Just now it feels like undue pressure is being loaded onto a notoriously difficult time of trading. Yet it’s all United have got, and the approaching month must surely have been at the forefront of any managerial negotiations when it became clear Beech’s flush was busted.
This was not primarily a job for coaching – results have hardly spiked, no matter how much work Keith Millen is attempting – but for recruitment. Last summer, supposedly with 20 per cent greater resources (a fascinating revelation by chief executive Nigel Clibbens last week) has turned out to be calamitous in terms of United’s shopping.
Whoever wishes to accept or offload blame for that, the fact Carlisle did not add the serious attacking players every supporter could see were needed must go down as one of the great market failures the club has seen for yonks.
That period can and must be critically analysed, but it can’t be reversed, and so the heat of scrutiny falls upon this approaching period now. Unless United know exactly what they’re doing and where they’re turning come January 1, then even the recent past will be written up as a big part of the reason Brunton Park’s era as a Football League ground may not be long for this world.
It has been interesting and, given United’s predicament, ever so slightly perturbing to listen to the Barrow manager, Mark Cooper, talking openly about the challenges of January trading. He accepts that young loan players may have to be the order of the day, given the difficulty in finding those who are ready, hungry and in good order to make a difference to a struggling team with 20-odd games of a campaign having already passed.
Millen, too, this week cast a degree of doubt on whether United would be able to move as soon as the window latch is lifted. The risk of more weeks with the current limitations, of more meagre results, makes the salvage job even harder. It piles enormous significance on the months of February, March and April for a restocked team to set things right.
Yet this, quite frankly, has to be a major reason why Millen was appointed.

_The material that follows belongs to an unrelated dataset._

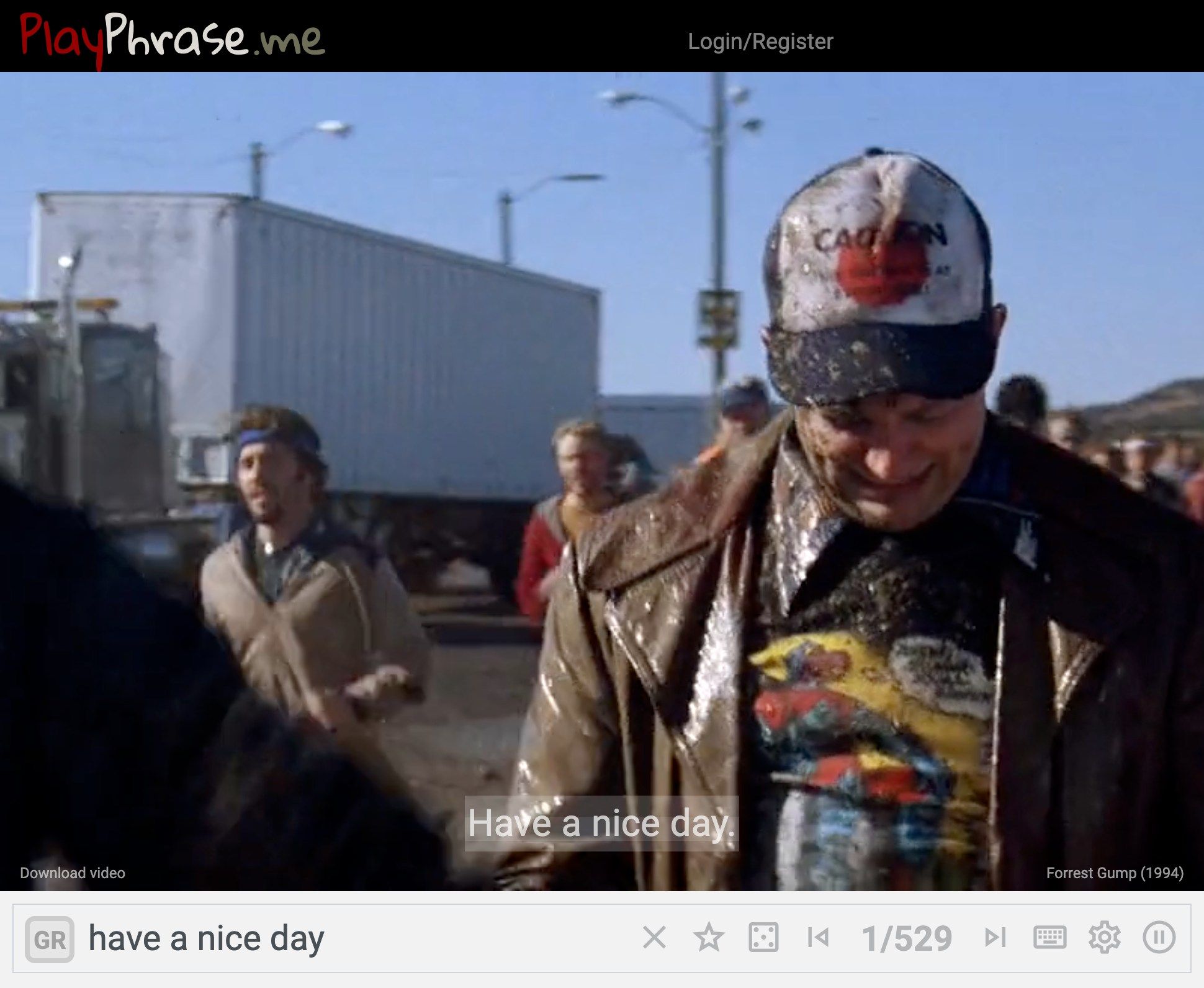 - 电影台词搜索:这个网站可以根据所输入的单词或者语句,去搜索那些包含有该段台词的电影片段,并且可以下载该片段。既可以学到英语发音,又能看到喜欢的英文电影,一举两得。免费用户只能看5个视频,观看更多需要赞助25港币/月。电影库看起来很广,比如我搜索了个常用短语「have a nice day」,有529个结果。其中top5是《阿甘正传》《妈的多重宇宙》《无间行者》《寻找苏菲娅》《发条橙》。

If the director of football does not choose the signings (another topic entirely) and it’s all on the boss, Carlisle simply have to have appointed a man with the necessary contacts, resources, wherewithal; a plan.
They have to have nailed this. There must be an absolute minimum of hard-luck stories from here. If United have the funds to strengthen, as Millen has assured supporters and as Holdings directors insisted in yesterday's jolly succession-demise statement, they have to be applied dynamically, with evidence of long-range planning that kicked in the moment Beech’s tenure appeared beyond saving.
The Blues, with all the decisions leading to this point, have created the enormous burden that now comes down on them. Make a hash of it, and it will join the pile of dysfunctional evidence sifted through by fans at the end of 2021/22's misadventure.
Defy broad history and do the work that inspires recovery, and they’ll pull themselves, and perhaps one or two reputations, out of the flames. No pressure, then.